Look through the records below for the line with "У нас в гостях". Return that line and each one after it up to and including the line with "В 2011 году", exactly.

=== GIVEN RECORDS ===
───

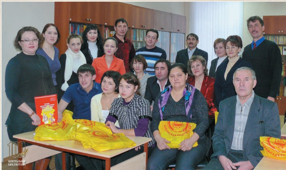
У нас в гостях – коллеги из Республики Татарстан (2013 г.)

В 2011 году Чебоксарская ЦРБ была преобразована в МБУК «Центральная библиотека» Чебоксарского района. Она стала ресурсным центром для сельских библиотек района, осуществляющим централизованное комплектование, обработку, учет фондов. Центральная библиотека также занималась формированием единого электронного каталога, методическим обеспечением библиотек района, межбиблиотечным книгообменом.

───

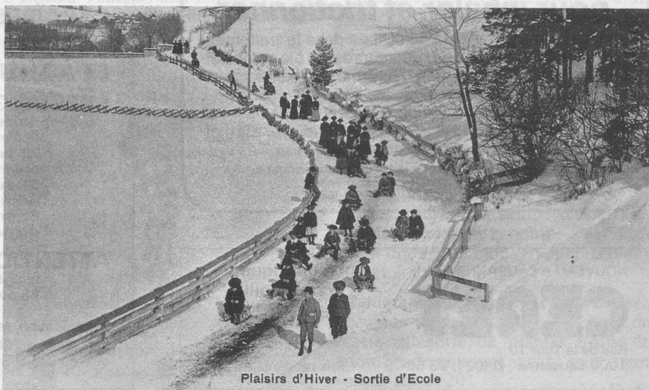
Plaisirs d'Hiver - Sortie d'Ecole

───

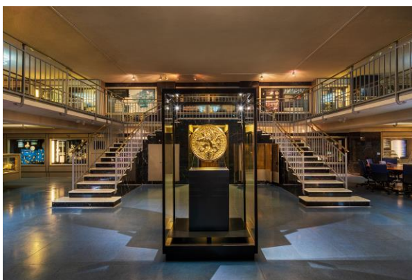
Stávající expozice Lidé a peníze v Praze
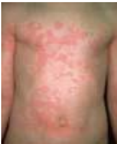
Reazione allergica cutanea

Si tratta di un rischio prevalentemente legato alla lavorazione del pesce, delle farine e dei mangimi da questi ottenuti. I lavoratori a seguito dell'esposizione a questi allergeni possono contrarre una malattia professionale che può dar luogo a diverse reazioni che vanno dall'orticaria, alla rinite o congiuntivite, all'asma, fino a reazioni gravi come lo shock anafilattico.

───

=== EXERCISE RESULT ===
У нас в гостях – коллеги из Республики Татарстан (2013 г.)

В 2011 году Чебоксарская ЦРБ была преобразована в МБУК «Центральная библиотека» Чебоксарского района. Она стала ресурсным центром для сельских библиотек района, осуществляющим централизованное комплектование, обработку, учет фондов. Центральная библиотека также занималась формированием единого электронного каталога, методическим обеспечением библиотек района, межбиблиотечным книгообменом.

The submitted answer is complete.